Each of these instances represent a coordination problem with opportunities for defection. Policing against defections in these situations is difficult because the action spaces, information channels, and flavors of strategic behavior in each case are all essentially unboundedly large. Enforcement is an open-ended problem that is extremely difficult and costly. While institutional agency exist which keep defection in check, they are never completely effective.
The power of digital abstraction is essentially to take a cooperation problem such as one of the above, and embed it into a digital sandbox which provides an extreme level of environmental insulation. The outcome of an operations in a digital abstraction layer can be completely traced back to a finite collection of known inputs and the known details of the operation itself. Thus, for coordination problems which have been entirely embedded in this way, the problem of enforcement transforms into much simpler, more closed-ended problem. One way of thinking about this transformation achieved by digital abstraction is that it allows enforcement to largely take place at the level of the elemental digital logic instead of at the higher level of emergent action spaces. Thus, I only need one simple and generic coordination engine for the enforcement of digital logic instead of N complex and error-prone engines–one for each problem.
It could be argued that pulling coordination problems into a digitally abstracted setting is actually the key contribution of modern blockchain technology. It’s true that blockchains often involve complex and innovative consensus mechanisms that push the frontier of Byzantine Fault Tolerance (BFT) performance. But, taking a step back, these mechanisms are really only useful because of the revolution of computation over the past century which has provided a substrate for substantive economic activities to occur in a fully digital manner. While the founding fathers of democracy might have understood the essential considerations underwriting the construction of a BFT consensus mechanism, the idea that much of governmental process could be executed by a deterministic, digital device would have been difficult to comprehend. It is the progress of computation, not game theory, that makes such systems viable.
Indeed, this matter of the expressivity of the digital domain remains the key bottleneck in the conversion of coordination processes to the digital domain. Suppose that we could coordinate to select a policy which we wanted to be executed by some kind of digital governance process. Except in the case of very simple policies, existing computational paradigms have been inadequate to address the nuanced requirements of judgement and reasoning required by such a task.

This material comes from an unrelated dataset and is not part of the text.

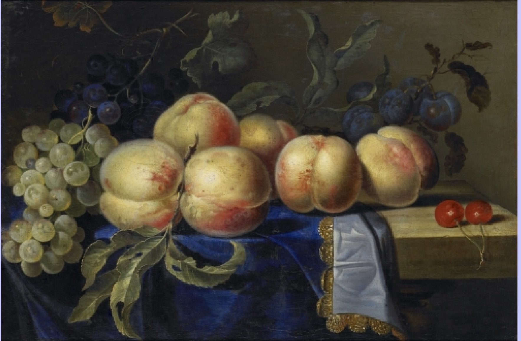
Paul Liégeois (actif à Paris au milieu du XVIIe s.), Nature morte , vers 1660, peinture à l'huile sur toile, Rouen, musée des Beaux-Arts.

The modern revolution in AI technology stands to change this. It happens that when humans figured out how to create intelligence, they did it within a digital environment. This means that modern AI is exactly the tool needed to take complex reasoning processes and allow them to be verified end-to-end via simple reductive verification of their elemental operations–the key benefit of digital abstraction.
(There remains an important question, the so-called AI alignment problem, of whether it is possible to specify an AI that implements a policy specified by humans in a manner keeping with general human expectations. While this is certainly an important and non-trivial question, when it comes to many types of tasks there is room for optimism. In a word, while AI alignment is hard and indeed perhaps critical to the survival of our species, aspects of AI such as its digital nature may mean that it is not as hard as, say, human alignment.)